▸ **EXERCISE BRIEF**:
Begin at the line containing "Ghost Rider: Well" in the entries below and end at the line containing "EXTRA LARGE CUPCAKE"; transcribe that range exactly and nothing outside it.

▸ **DATASET RECORDS**:
┄┄┄┄┄┄

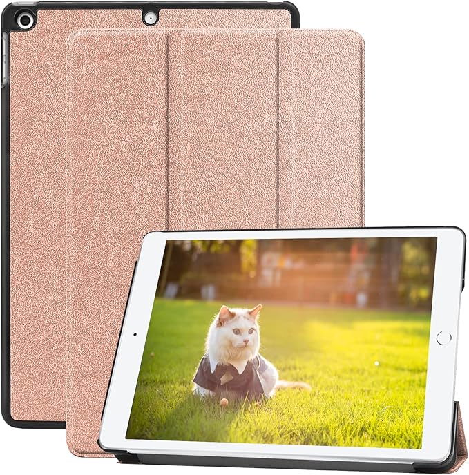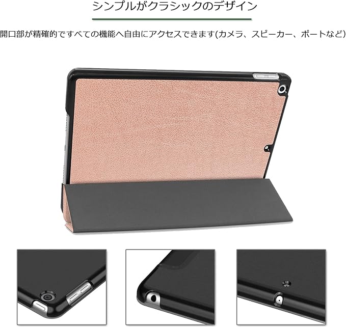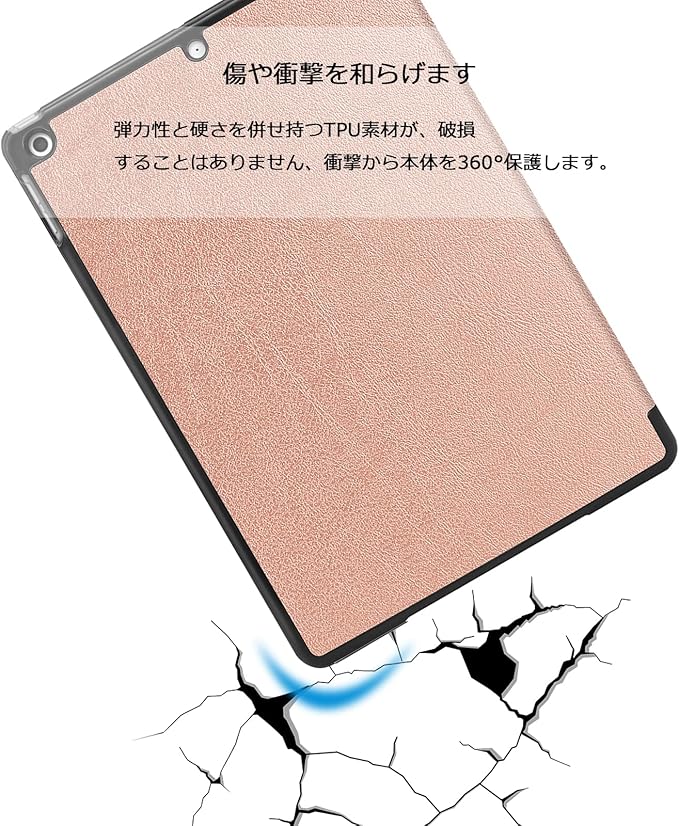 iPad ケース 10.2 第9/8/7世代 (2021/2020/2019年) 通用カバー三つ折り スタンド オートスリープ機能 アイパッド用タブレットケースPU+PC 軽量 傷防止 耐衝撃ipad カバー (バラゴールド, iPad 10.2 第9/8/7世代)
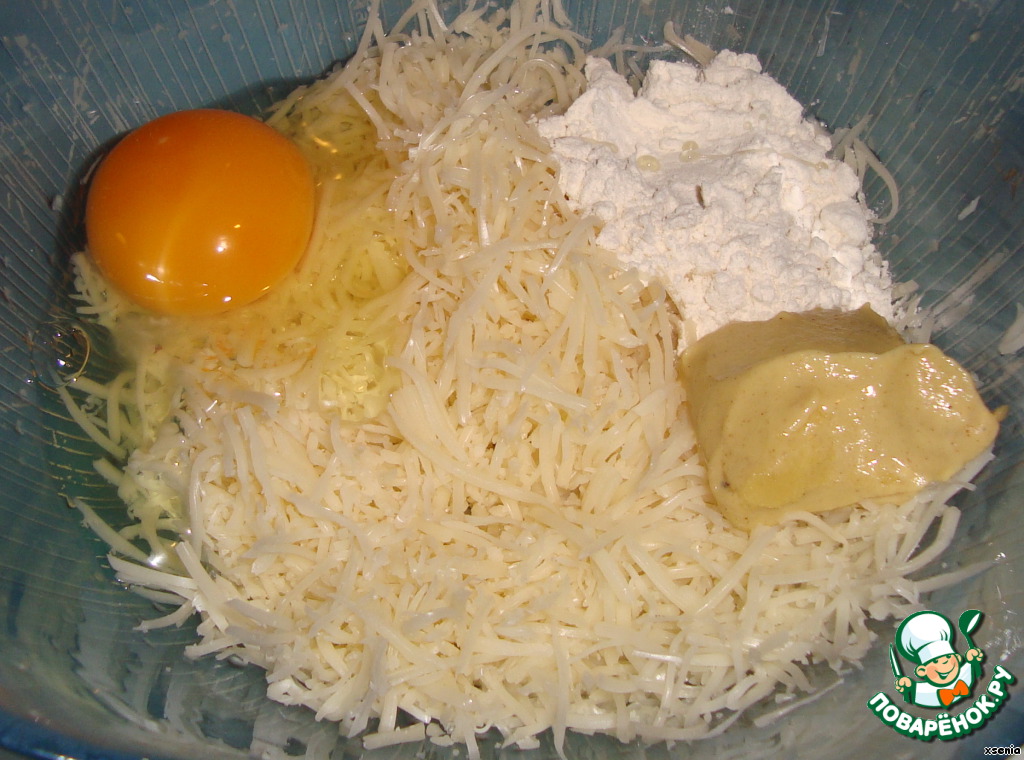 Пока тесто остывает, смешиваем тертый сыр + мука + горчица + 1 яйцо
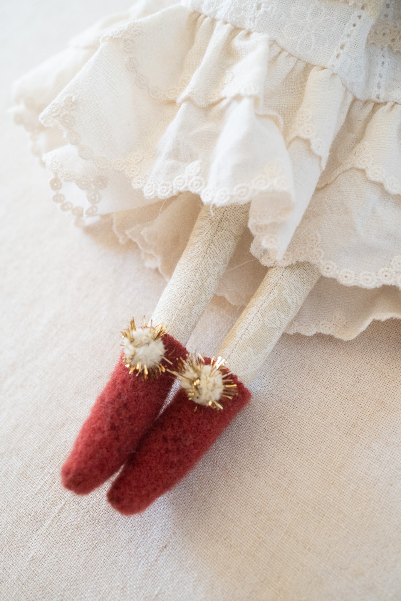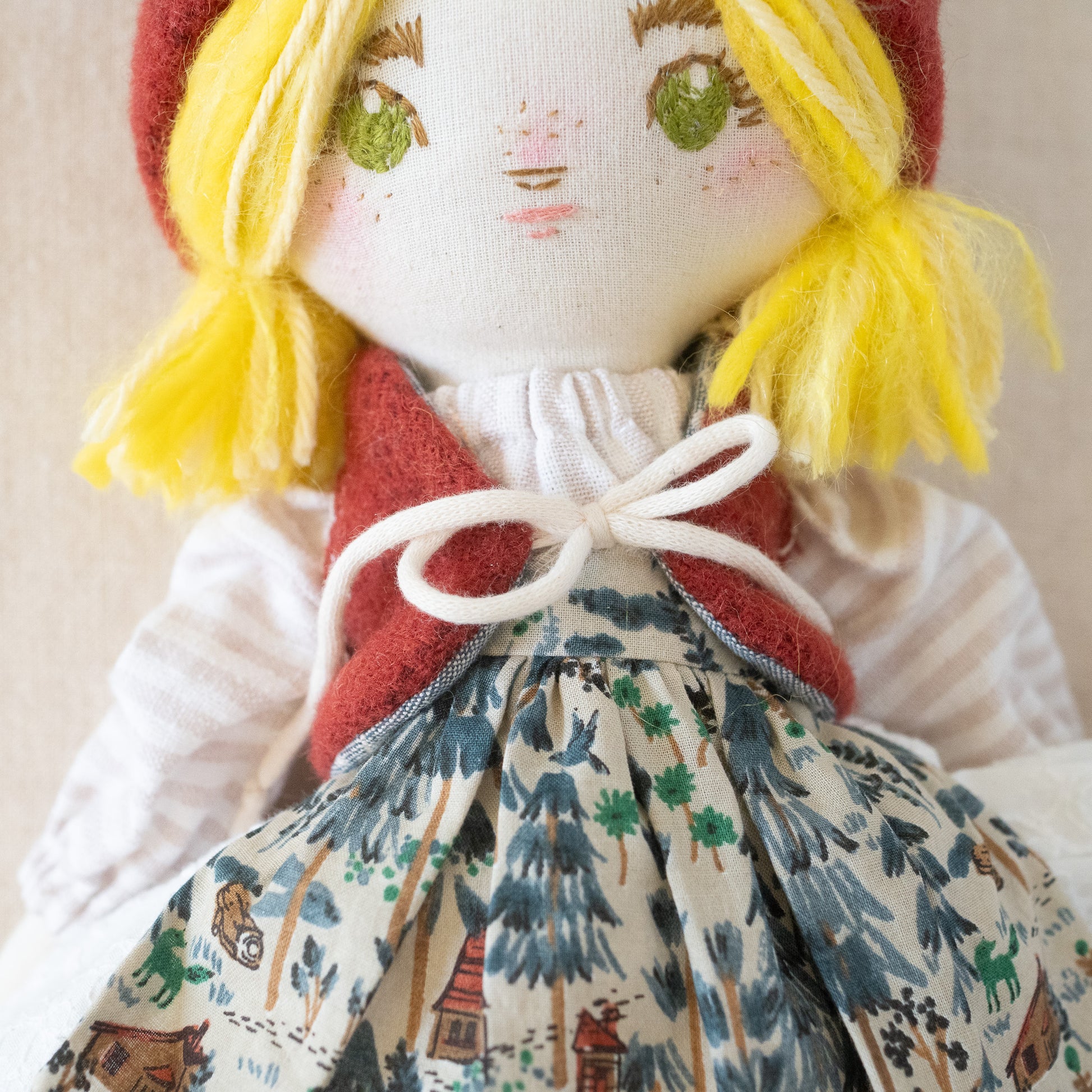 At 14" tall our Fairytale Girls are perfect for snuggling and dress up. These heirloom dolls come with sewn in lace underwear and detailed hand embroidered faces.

┄┄┄┄┄┄

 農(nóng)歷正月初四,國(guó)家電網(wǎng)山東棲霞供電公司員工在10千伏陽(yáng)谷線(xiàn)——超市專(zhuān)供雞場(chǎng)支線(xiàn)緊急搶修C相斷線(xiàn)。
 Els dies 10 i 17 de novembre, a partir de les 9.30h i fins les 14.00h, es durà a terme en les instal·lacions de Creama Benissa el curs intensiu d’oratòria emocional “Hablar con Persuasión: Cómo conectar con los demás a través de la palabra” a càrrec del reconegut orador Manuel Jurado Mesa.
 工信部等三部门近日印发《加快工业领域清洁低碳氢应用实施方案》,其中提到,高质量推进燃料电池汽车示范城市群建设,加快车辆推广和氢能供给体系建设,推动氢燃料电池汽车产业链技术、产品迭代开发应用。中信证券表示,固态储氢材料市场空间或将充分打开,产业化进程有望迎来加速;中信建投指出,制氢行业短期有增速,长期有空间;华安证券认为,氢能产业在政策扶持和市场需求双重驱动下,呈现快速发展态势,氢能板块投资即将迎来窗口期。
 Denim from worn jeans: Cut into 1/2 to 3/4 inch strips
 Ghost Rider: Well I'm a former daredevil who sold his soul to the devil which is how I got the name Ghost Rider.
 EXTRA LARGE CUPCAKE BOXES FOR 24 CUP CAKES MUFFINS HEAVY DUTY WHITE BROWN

┄┄┄┄┄┄

▸ **ANSWER TO THIS EXERCISE**:
 Ghost Rider: Well I'm a former daredevil who sold his soul to the devil which is how I got the name Ghost Rider.
 EXTRA LARGE CUPCAKE BOXES FOR 24 CUP CAKES MUFFINS HEAVY DUTY WHITE BROWN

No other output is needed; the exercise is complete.